Your copy should contain exactly the lines from the start of the listing through the line that holds "- експлуатуйте тільки", and no pictures.

Given records:
··········
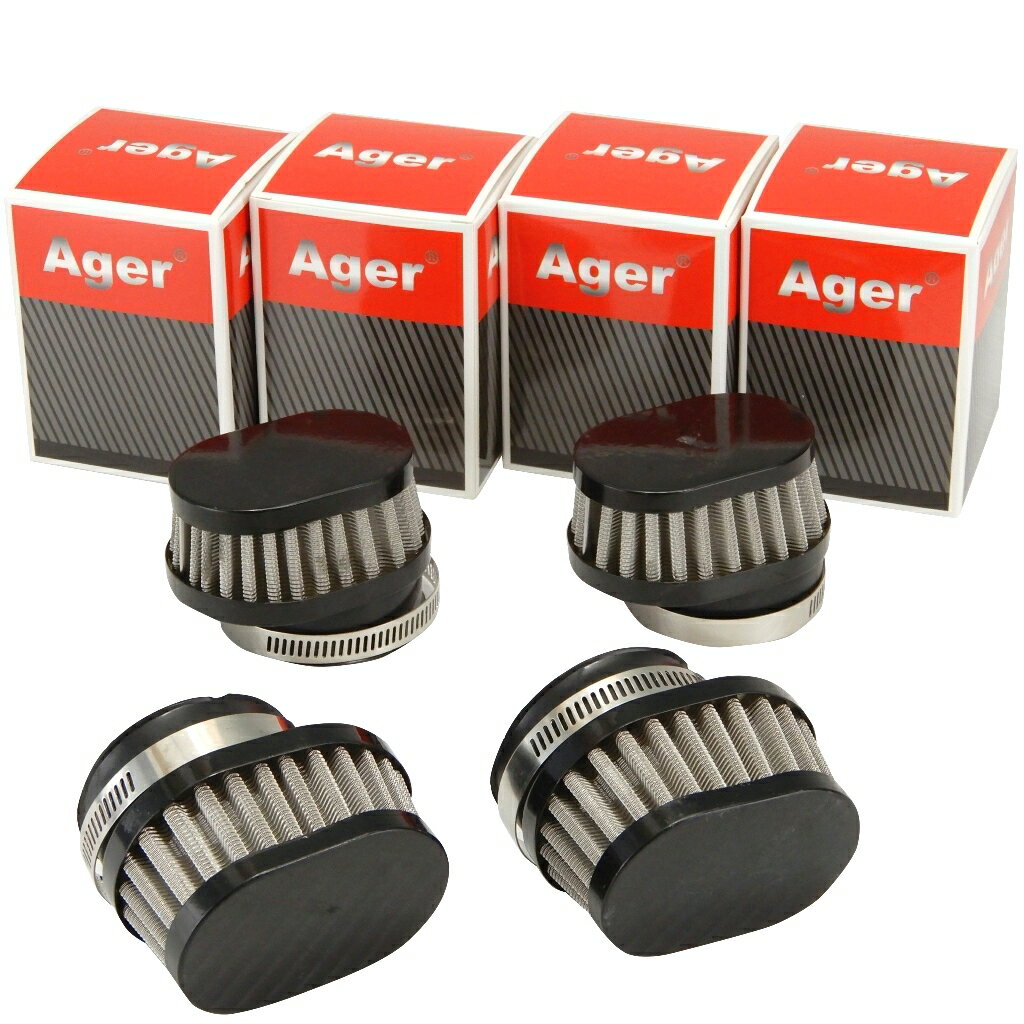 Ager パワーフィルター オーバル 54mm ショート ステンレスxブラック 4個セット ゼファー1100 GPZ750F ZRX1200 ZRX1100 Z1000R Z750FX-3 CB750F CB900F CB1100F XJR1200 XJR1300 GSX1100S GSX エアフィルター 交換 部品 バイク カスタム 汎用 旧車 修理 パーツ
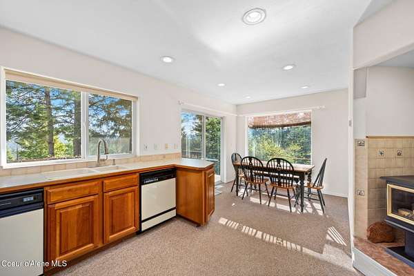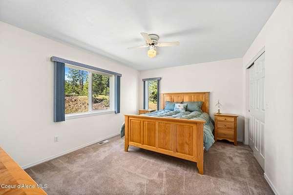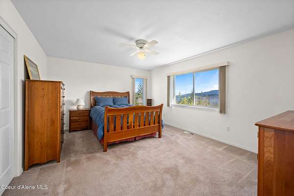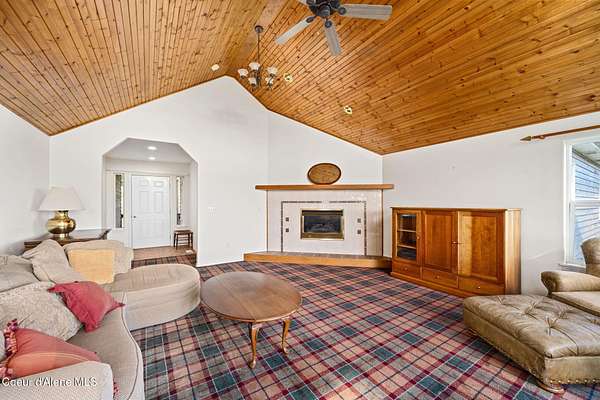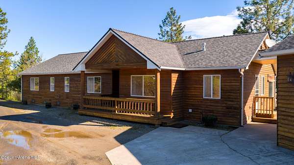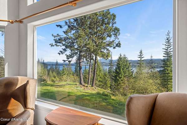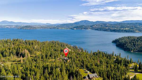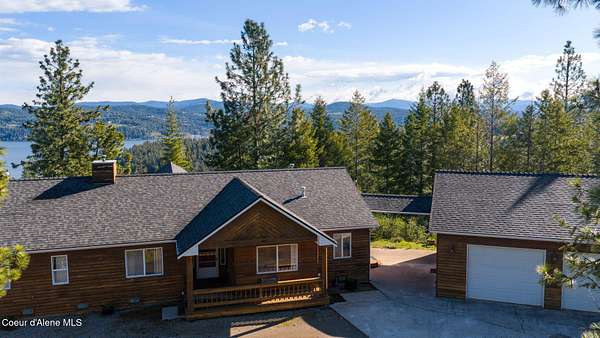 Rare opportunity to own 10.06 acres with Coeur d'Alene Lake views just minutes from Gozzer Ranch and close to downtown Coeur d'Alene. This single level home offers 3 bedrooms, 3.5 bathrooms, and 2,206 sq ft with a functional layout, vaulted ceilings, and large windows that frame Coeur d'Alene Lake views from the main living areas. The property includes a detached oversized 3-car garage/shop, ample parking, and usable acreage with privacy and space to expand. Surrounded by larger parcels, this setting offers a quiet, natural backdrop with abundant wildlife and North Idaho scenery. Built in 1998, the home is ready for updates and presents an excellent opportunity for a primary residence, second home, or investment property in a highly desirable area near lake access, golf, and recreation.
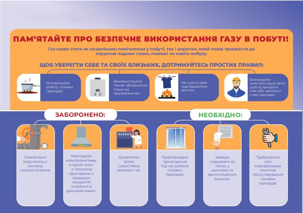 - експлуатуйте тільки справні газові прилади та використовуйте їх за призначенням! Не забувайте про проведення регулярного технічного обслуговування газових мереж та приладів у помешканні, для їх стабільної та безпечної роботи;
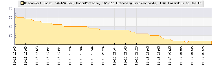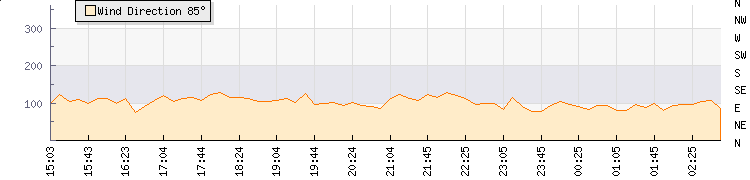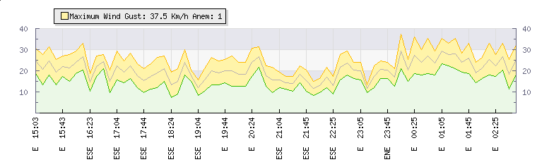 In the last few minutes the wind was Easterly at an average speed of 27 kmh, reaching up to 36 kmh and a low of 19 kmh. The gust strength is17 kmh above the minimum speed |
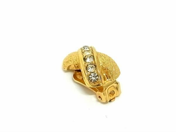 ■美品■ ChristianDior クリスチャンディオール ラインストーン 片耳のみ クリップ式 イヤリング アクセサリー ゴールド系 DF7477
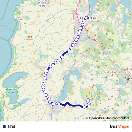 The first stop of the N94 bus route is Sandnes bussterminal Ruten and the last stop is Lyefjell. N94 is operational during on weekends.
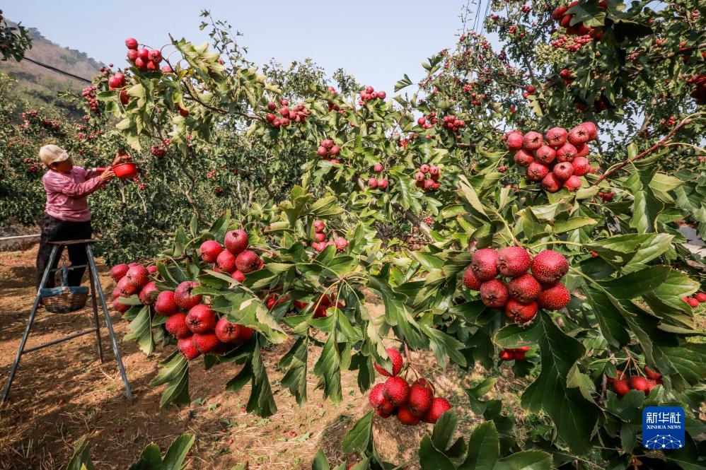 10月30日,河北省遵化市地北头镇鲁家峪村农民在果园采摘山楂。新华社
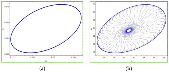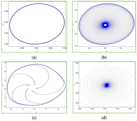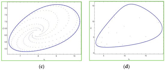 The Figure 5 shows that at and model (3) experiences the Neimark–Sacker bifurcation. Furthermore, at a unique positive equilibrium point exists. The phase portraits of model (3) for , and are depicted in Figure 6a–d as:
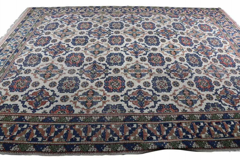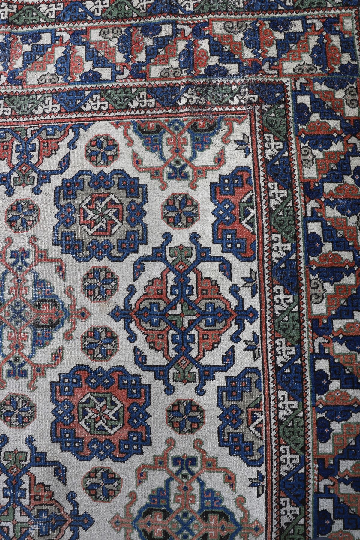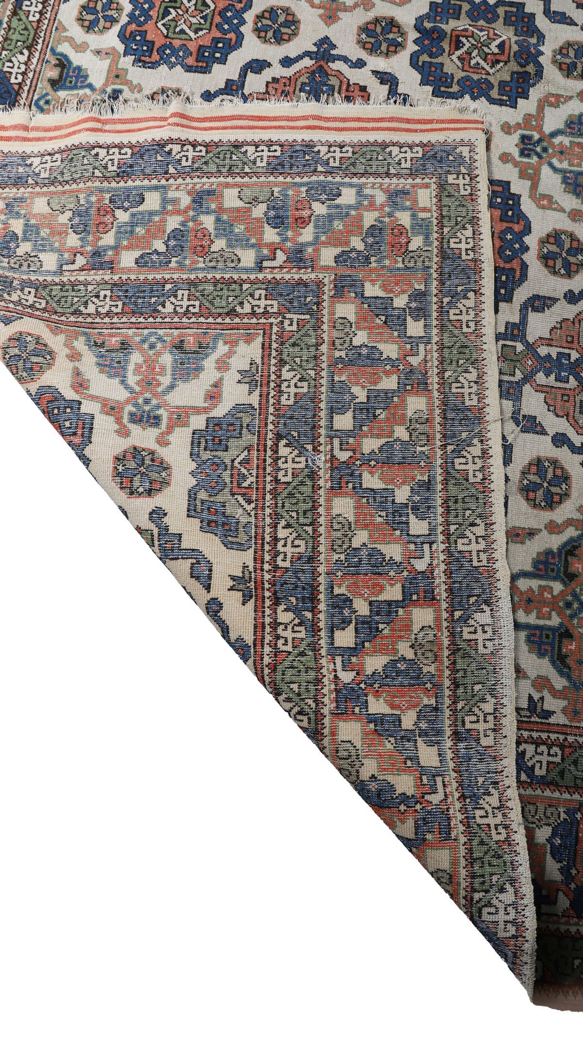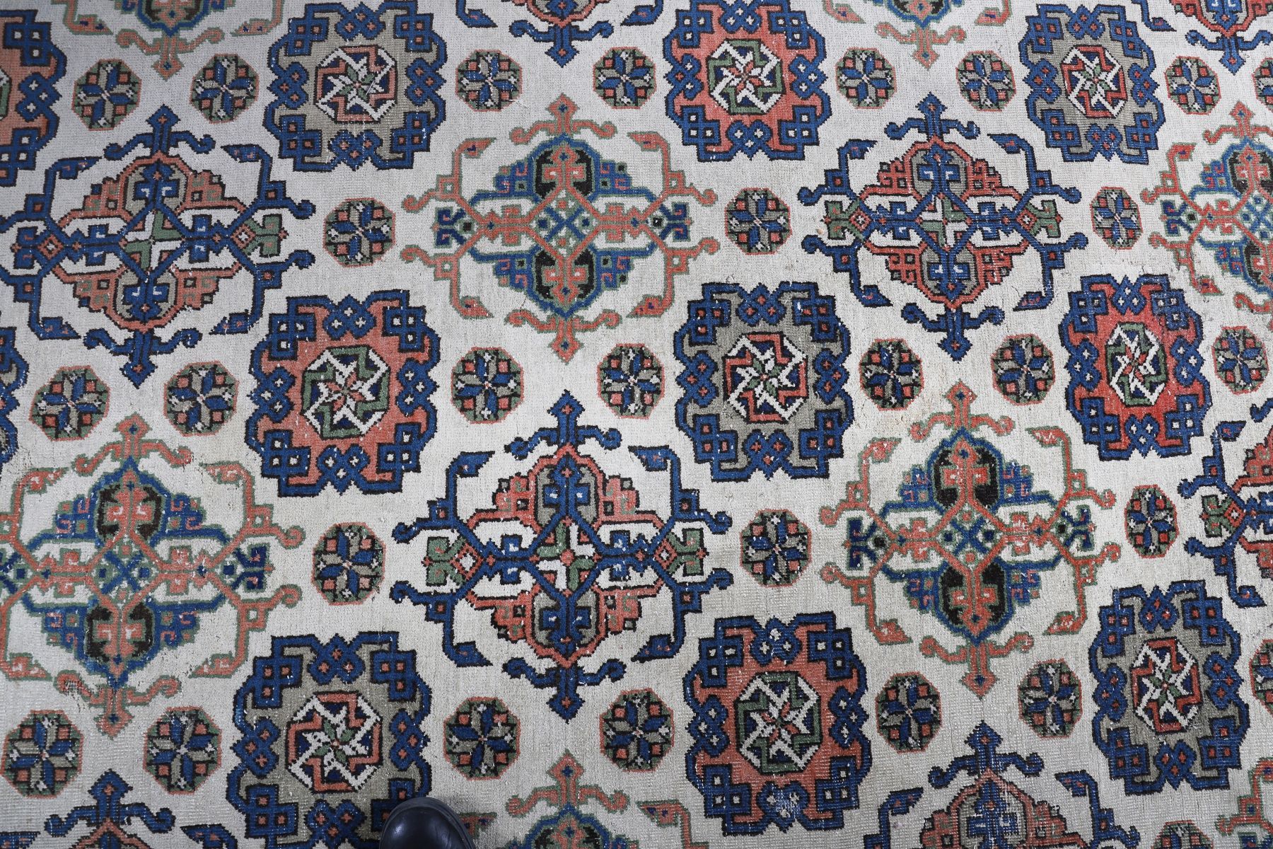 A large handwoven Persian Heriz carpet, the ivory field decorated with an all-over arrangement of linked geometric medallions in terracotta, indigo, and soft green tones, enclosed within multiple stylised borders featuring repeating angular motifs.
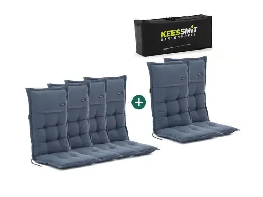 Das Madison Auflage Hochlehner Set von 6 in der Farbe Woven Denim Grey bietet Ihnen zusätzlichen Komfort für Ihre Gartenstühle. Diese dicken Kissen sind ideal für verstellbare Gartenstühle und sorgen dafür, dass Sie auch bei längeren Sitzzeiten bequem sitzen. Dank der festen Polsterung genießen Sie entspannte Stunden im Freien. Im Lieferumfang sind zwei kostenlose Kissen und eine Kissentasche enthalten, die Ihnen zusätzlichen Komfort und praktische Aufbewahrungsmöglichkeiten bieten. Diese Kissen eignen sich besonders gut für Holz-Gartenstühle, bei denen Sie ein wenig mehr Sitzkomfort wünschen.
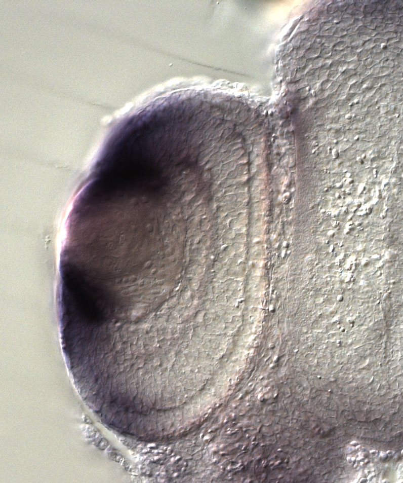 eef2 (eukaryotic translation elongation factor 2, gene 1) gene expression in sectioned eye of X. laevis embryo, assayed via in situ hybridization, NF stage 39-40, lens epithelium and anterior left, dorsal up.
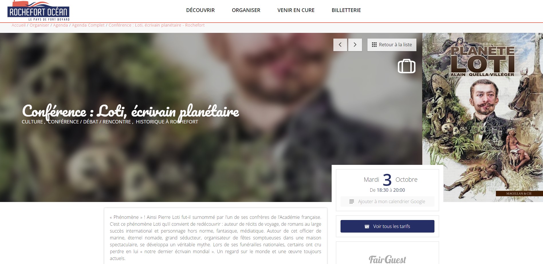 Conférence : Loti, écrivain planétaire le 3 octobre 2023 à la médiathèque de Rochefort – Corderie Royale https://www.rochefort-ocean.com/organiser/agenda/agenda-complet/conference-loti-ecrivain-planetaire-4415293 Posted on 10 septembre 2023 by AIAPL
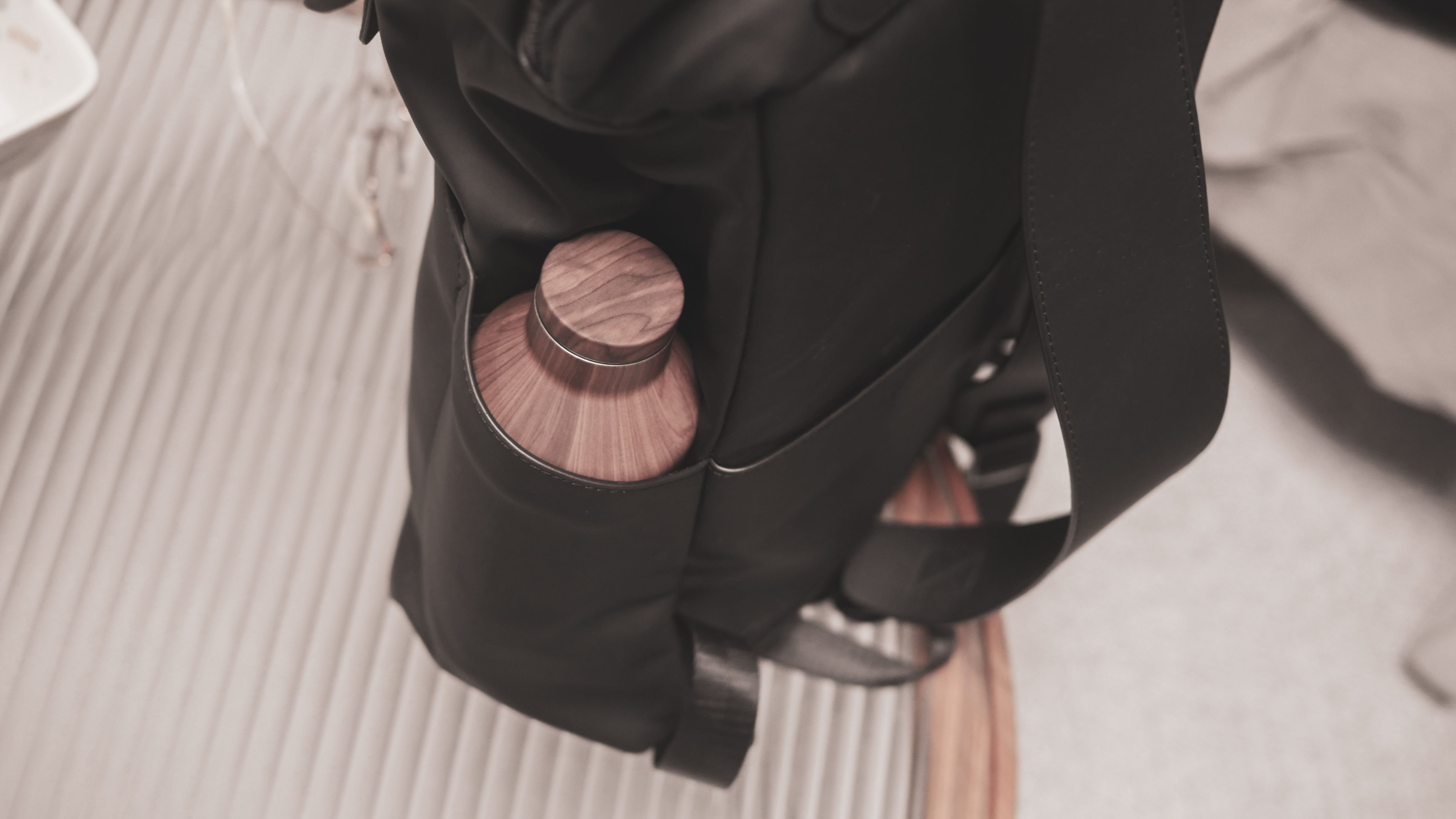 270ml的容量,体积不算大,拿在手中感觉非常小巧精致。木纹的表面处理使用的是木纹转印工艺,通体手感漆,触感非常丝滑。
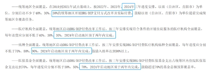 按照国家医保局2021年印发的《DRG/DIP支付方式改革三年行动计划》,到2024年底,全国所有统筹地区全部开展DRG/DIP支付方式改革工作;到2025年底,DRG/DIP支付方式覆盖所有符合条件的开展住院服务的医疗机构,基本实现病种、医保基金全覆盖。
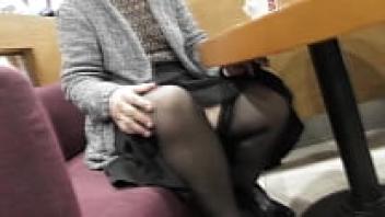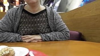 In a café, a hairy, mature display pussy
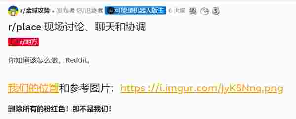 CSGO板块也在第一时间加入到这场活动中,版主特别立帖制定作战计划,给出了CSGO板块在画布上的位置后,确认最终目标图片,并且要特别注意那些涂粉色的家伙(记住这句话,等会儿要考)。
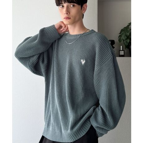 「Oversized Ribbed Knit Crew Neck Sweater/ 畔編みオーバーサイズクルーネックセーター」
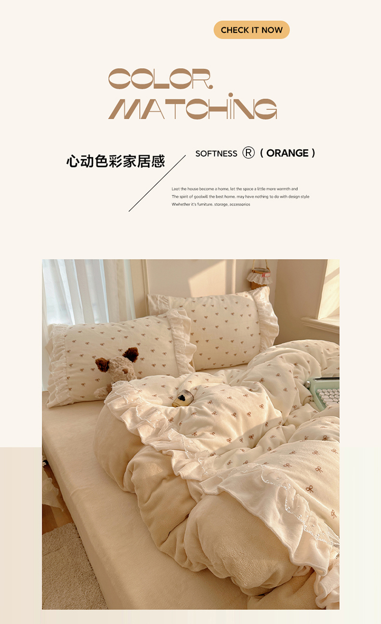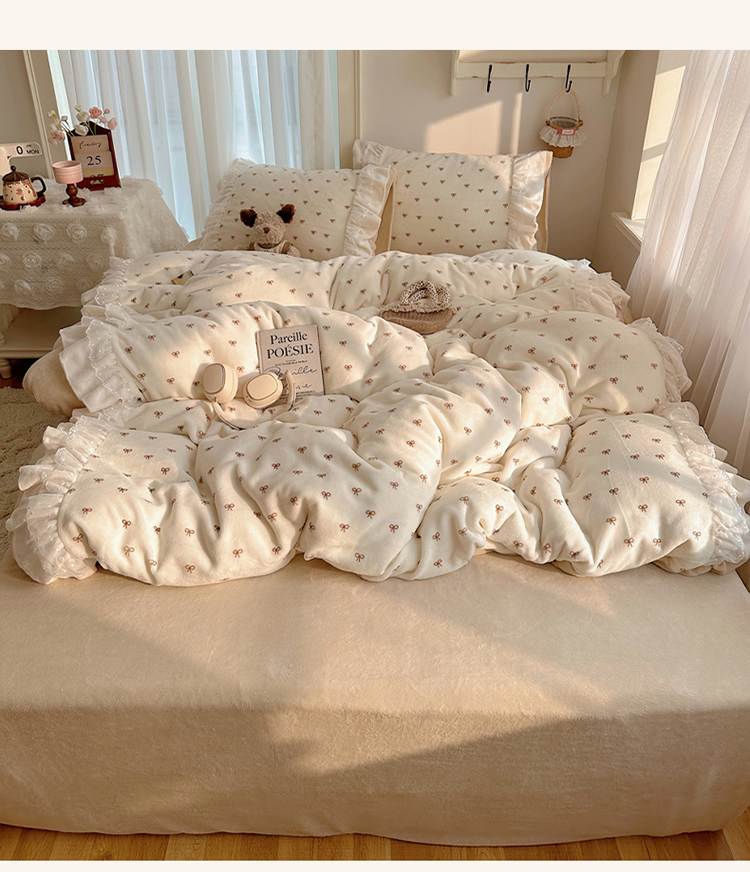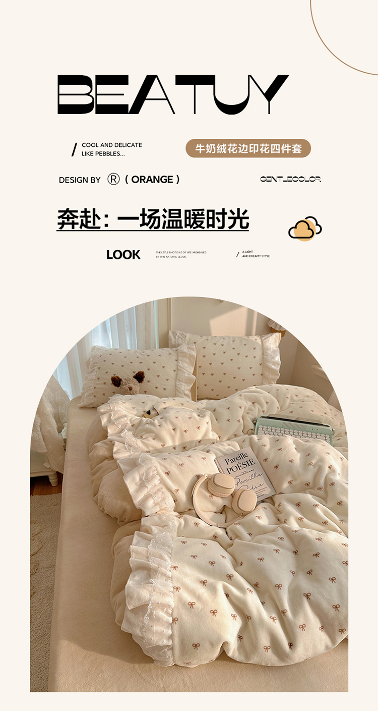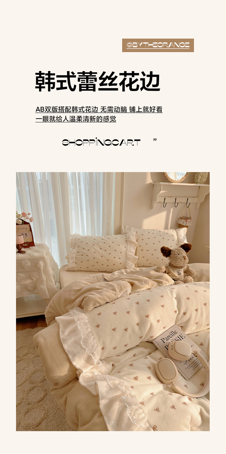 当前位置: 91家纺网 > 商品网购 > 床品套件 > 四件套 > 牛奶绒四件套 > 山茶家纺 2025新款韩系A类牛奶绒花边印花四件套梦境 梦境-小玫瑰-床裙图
··········
Solved problem:
 Ager パワーフィルター オーバル 54mm ショート ステンレスxブラック 4個セット ゼファー1100 GPZ750F ZRX1200 ZRX1100 Z1000R Z750FX-3 CB750F CB900F CB1100F XJR1200 XJR1300 GSX1100S GSX エアフィルター 交換 部品 バイク カスタム 汎用 旧車 修理 パーツ
 Rare opportunity to own 10.06 acres with Coeur d'Alene Lake views just minutes from Gozzer Ranch and close to downtown Coeur d'Alene. This single level home offers 3 bedrooms, 3.5 bathrooms, and 2,206 sq ft with a functional layout, vaulted ceilings, and large windows that frame Coeur d'Alene Lake views from the main living areas. The property includes a detached oversized 3-car garage/shop, ample parking, and usable acreage with privacy and space to expand. Surrounded by larger parcels, this setting offers a quiet, natural backdrop with abundant wildlife and North Idaho scenery. Built in 1998, the home is ready for updates and presents an excellent opportunity for a primary residence, second home, or investment property in a highly desirable area near lake access, golf, and recreation.
 - експлуатуйте тільки справні газові прилади та використовуйте їх за призначенням! Не забувайте про проведення регулярного технічного обслуговування газових мереж та приладів у помешканні, для їх стабільної та безпечної роботи;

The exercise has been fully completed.